Cuando Yulia llegó a casa de su suegra, se le cayó el alma a los pies: la puerta estaba cerrada con llave y el porche no estaba lleno de la habitual multitud. Un caos respetuoso. Llamó a la puerta. Silencio. Volvió a llamar y, de repente, oyó unos pasos suaves dentro. La puerta se abrió lentamente, pero Lyudmila Pavlovna no estaba. En el umbral estaba… el gato del vecino, que parecía observarla con calma.
«Buenos días», dijo Yulia, sonriendo para sí misma, pero una extraña sensación crecía en su interior.
La ansiedad se disipó. Entró en la casa, intentando disimular su confusión. Todo parecía ordenado, como si nadie hubiera salido en mucho tiempo, pero a la vez había una sensación de vacío: ni olor a comida, ni ruidos familiares; solo silencio y la tenue luz de un día de otoño.
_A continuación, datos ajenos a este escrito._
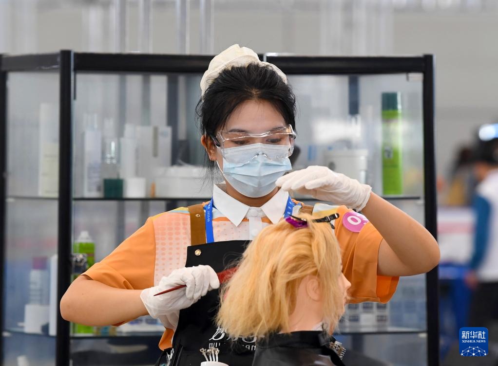 9月20日,選手在美發(fā)項(xiàng)目比賽中。新華社記者 李嘉南 攝

Yulia entró en el salón. Sobre la mesa había una nota, escrita con pulcritud por Igor:
«Yulia, no te preocupes por nosotros. Todo está bajo control. Mis padres están durmiendo, yo estoy en el trabajo. Haz lo que quieras».
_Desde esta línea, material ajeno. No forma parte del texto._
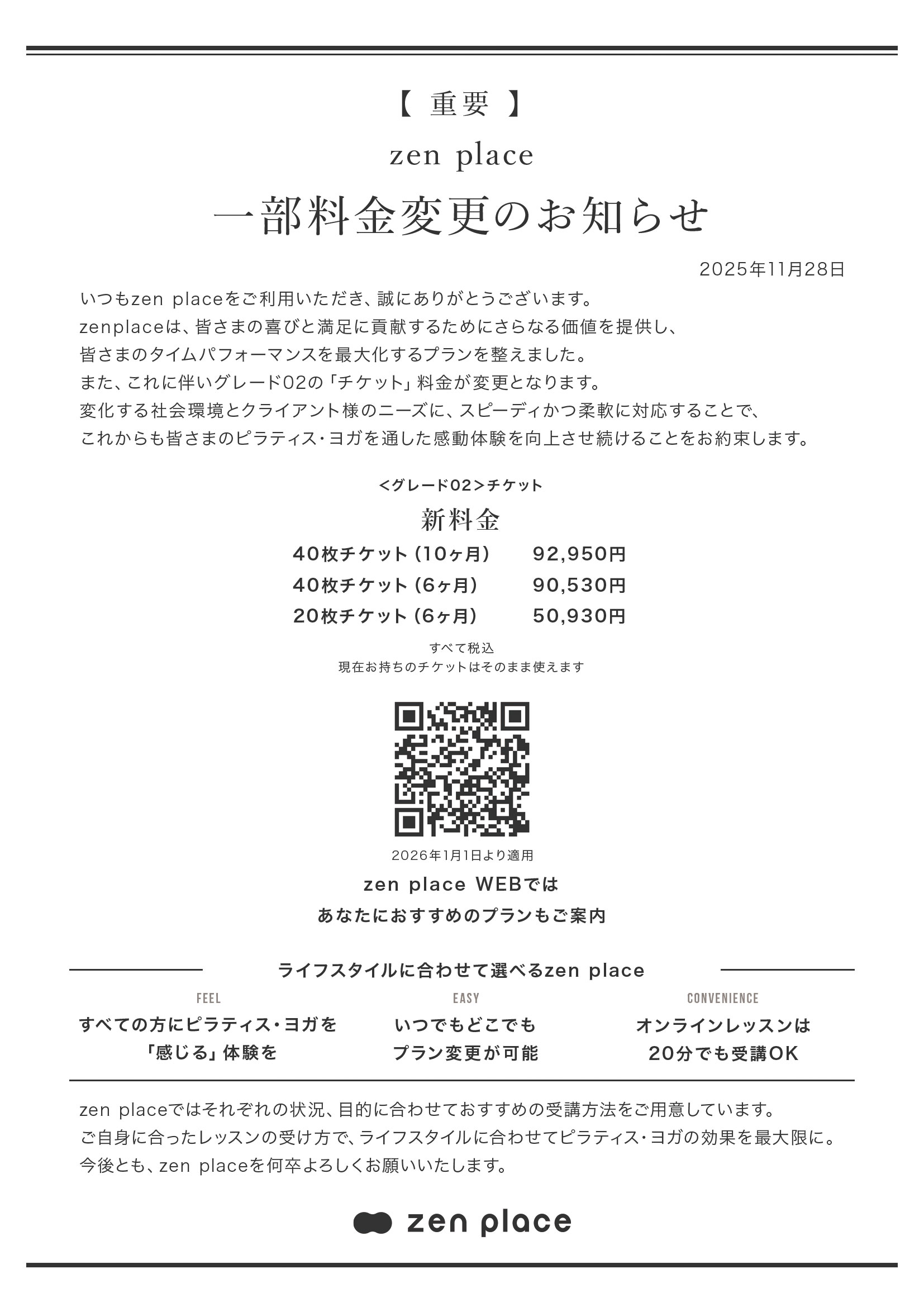 平素よりzen placeをご愛顧いただき、誠にありがとうございます。

Yulia apretó la nota entre sus manos. El corazón le latía con fuerza. Algo no cuadraba: Igor hablaba de visitar a sus padres enfermos, pero en realidad no había llamadas, ni visitas, ni llamadas de sus padres. Empezó a examinar la casa, buscando la más mínima señal de Lyudmila Pavlovna o Viktor Semyonovich.
Entonces Yulia notó algo extraño: las puertas de la cocina y la despensa estaban cerradas con llave, los armarios bien cerrados y los tarros de mermelada de siempre no estaban en la mesa. Parecía como si la casa tuviera vida propia, sin la presencia de las personas de las que Igor había hablado.
—¿Dónde están? —susurró Yulia—. ¿Quizás se me escapa algo?